- DESCRIPTION OF THE TASK -
The expected result is an exact restatement of the data, free of pictures.

- INPUT DATA -
=== Section Start ===
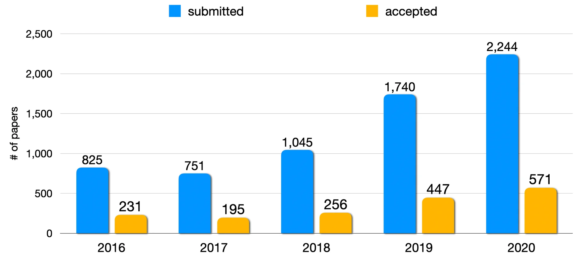 금년도에 제출된 논문 수는 최초로 2000편을 넘긴 2244편이었으며, 이는 2016년에 비해서는 약 2.7배 증가한 수치입니다. 작년에 비해서는 약 29% 증가하였는데, 제출되는 논문의 수가 꾸준히 증가하고 있는 것을 보며 NLP 분야의 관심도가 날이 갈수록 높아짐을 체감할 수 있었습니다. Acceptance Rate는 작년이 25.68%, 올해는 25.44% 으로 작년과 거의 동일한 비율을 유지하였습니다. EMNLP 역시 약 25% 정도의 Acceptance Rate 유지하면서, 두 학회 모두 퀄리티를 보장하기 위해서 엄격한 심사 기준을 유지하고 있음을 알 수 있습니다.
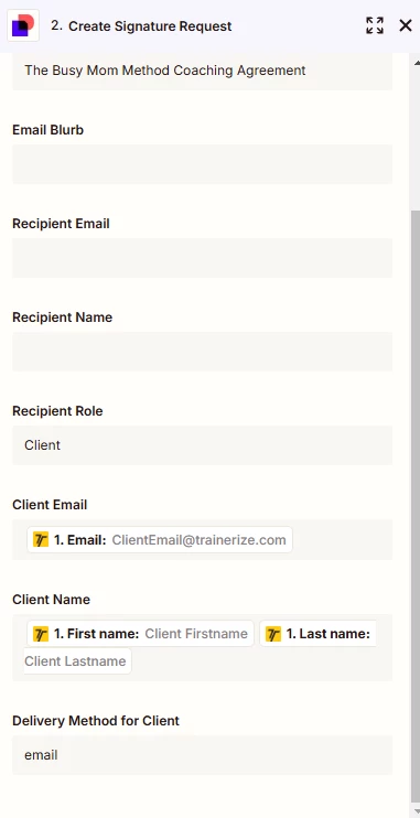 I am trying to Zap my docusign account with a new client added in ABC Trainerize. i have the integratioin set but when i create a new client in ABC Trainerize, the client data does not populate in Docusign. its like its not pulling the right information or any information at all. any help fixing this error would be greatly appreciated! Screenshots attached.
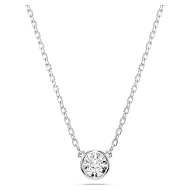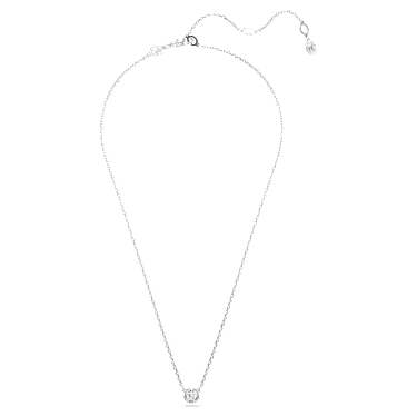 Effortless elegance is within reach thanks to this radiant Imber pendant. Suspended from a delicate chain with a lobster closure, the rhodium plated design features a central round-cut crystal in a puffy bezel setting. A single Zirconia is also placed in the elongation for added radiance. Wear this piece to elevate your everyday style.
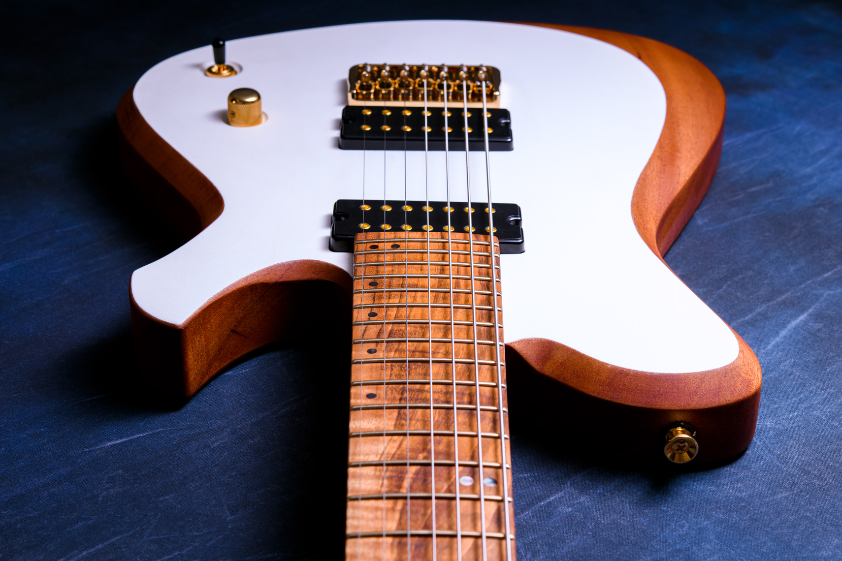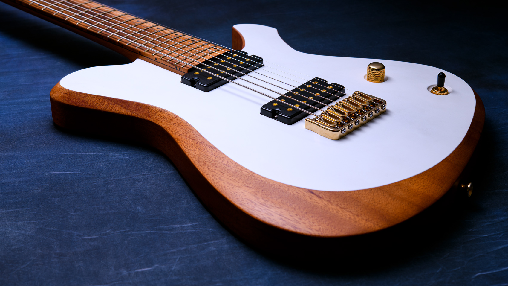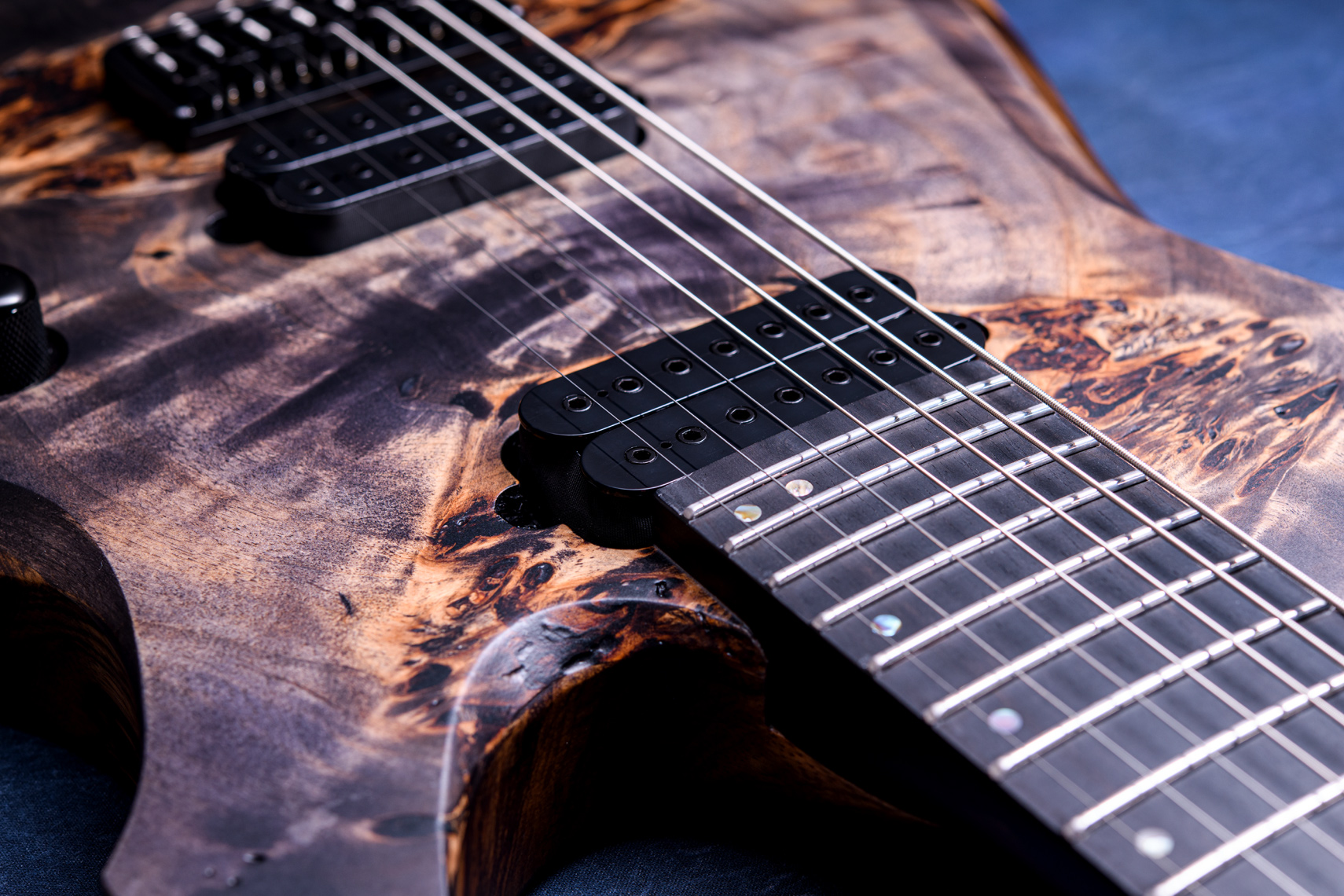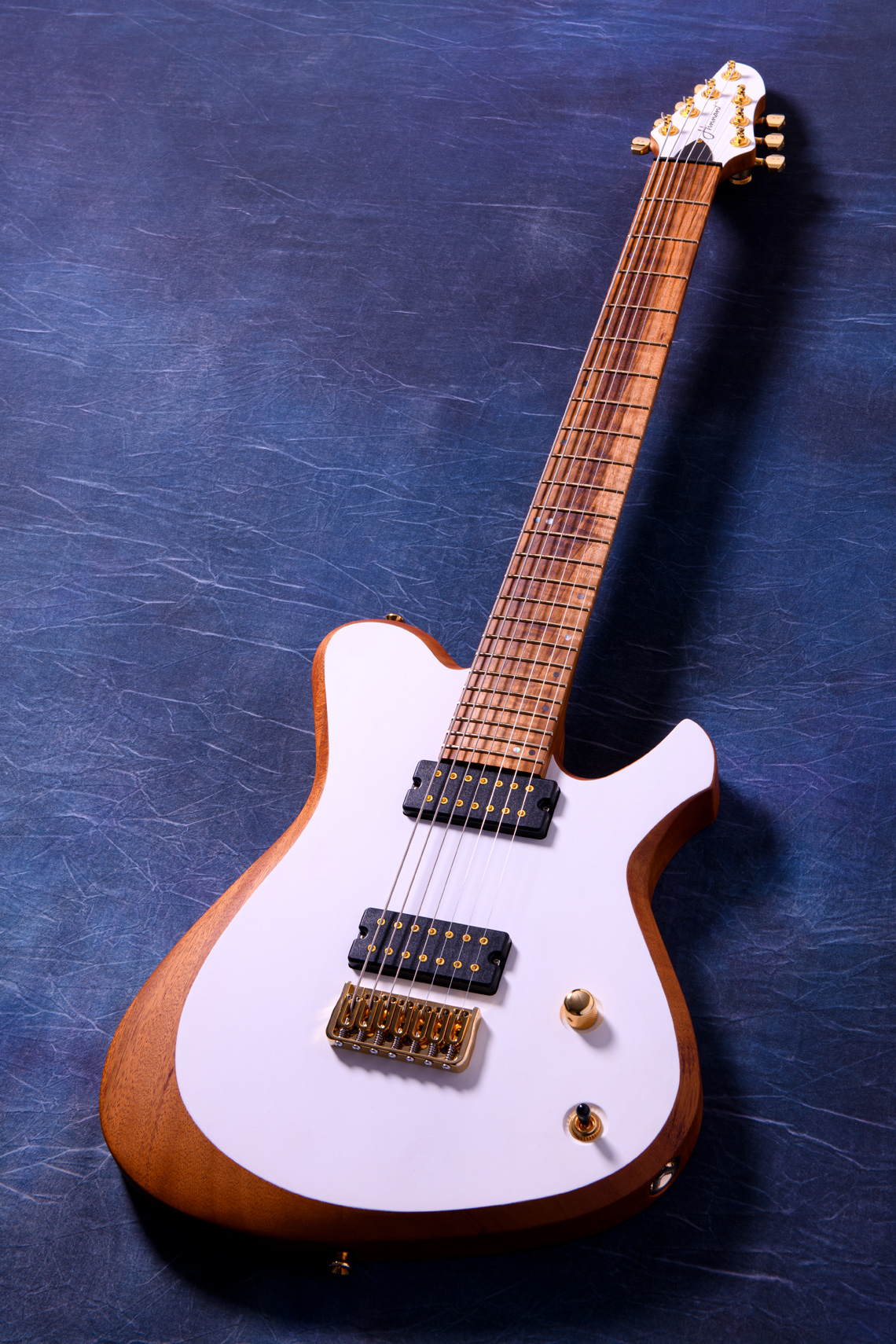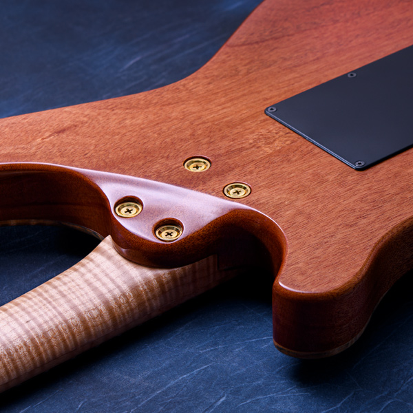 特徴的なオールマホガニーのボディ&ネックを採用。マホガニー単板の7弦ギターは珍しくありませんが、ネックまでマホガニーを採用しているモデルは珍しいのではないでしょうか。メイプルやアッシュ等の木材に比べるとややマイルドなアタック感ですが、芳醇なローエンドと豊かな倍音が魅力です。
=== Section End ===
- TASK OUTPUT -
 금년도에 제출된 논문 수는 최초로 2000편을 넘긴 2244편이었으며, 이는 2016년에 비해서는 약 2.7배 증가한 수치입니다. 작년에 비해서는 약 29% 증가하였는데, 제출되는 논문의 수가 꾸준히 증가하고 있는 것을 보며 NLP 분야의 관심도가 날이 갈수록 높아짐을 체감할 수 있었습니다. Acceptance Rate는 작년이 25.68%, 올해는 25.44% 으로 작년과 거의 동일한 비율을 유지하였습니다. EMNLP 역시 약 25% 정도의 Acceptance Rate 유지하면서, 두 학회 모두 퀄리티를 보장하기 위해서 엄격한 심사 기준을 유지하고 있음을 알 수 있습니다.
 I am trying to Zap my docusign account with a new client added in ABC Trainerize. i have the integratioin set but when i create a new client in ABC Trainerize, the client data does not populate in Docusign. its like its not pulling the right information or any information at all. any help fixing this error would be greatly appreciated! Screenshots attached.
 Effortless elegance is within reach thanks to this radiant Imber pendant. Suspended from a delicate chain with a lobster closure, the rhodium plated design features a central round-cut crystal in a puffy bezel setting. A single Zirconia is also placed in the elongation for added radiance. Wear this piece to elevate your everyday style.
 特徴的なオールマホガニーのボディ&ネックを採用。マホガニー単板の7弦ギターは珍しくありませんが、ネックまでマホガニーを採用しているモデルは珍しいのではないでしょうか。メイプルやアッシュ等の木材に比べるとややマイルドなアタック感ですが、芳醇なローエンドと豊かな倍音が魅力です。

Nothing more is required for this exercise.